Geographic Networks: Getting Started with pgRouting in PostGIS

I’ve been working a lot with pgRouting in PostGIS lately.  While the work I was doing with geographic networks originally used general purpose network analysis tools like Gephi, I’ve moved the entire Roman transportation network into a PostGIS2 database to allow for concurrent editing and the use of spatial queries.  I thought it might be useful to explain this process for interested parties, with the inclusion of all the SQL queries to get people started.

I am by no means an expert with PostGIS or pgRouting and would not have been able to accomplish any of this without leaning heavily on the community both here at Stanford and the larger PostGIS community on the Internet.  Postgres, which underpins PostGIS, is still less accessible than MySQL (imagine my chagrin to find out that functions like GROUP BY are, in MySQL, “not compliant” and I had to learn how to do things like SELECT DISTINCT ON) but is still not so different for queries and worth it to get access to PostGIS. 

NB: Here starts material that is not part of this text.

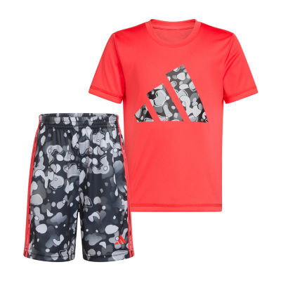 adidas Boys Short Sleeve Poly Tee Camo All Over Print Short Set Very well made.

PostGIS itself is simply an extension in the form of new functions and datatypes for Postgres which gives users the ability to query spatial objects to find out which objects in a database intersect with or are within X distance from other objects.  pgRouting is a further extension to PostGIS, which gives you the ability to run pathfinding queries on tables of links.  While PostGIS2 has topology support, it’s really much more sophisticated than what is necessary for the kind of geographic network analysis we’re doing with the Roman Empire.  The topology support does allow you to create edges and faces from existing, non-network aware polygons and polylines, but I’m even less familiar with topology in PostGIS than I am with the general spatial functionality, so any explanation of that will have to wait for aother time.  For the purposes of the examples below, we’ll have a simple spatial table that looks something like this:

source, target, cost, geometry, name
"San Jose", "San Francisco", 1, POLYLINEDATA, "101Freeway"
"San Jose", "San Francisco", .75, POLYLINEDATA, "80Freeway"
"San Francisco", "Santa Rosa", 1, POLYLINEDATA, "101Freeway"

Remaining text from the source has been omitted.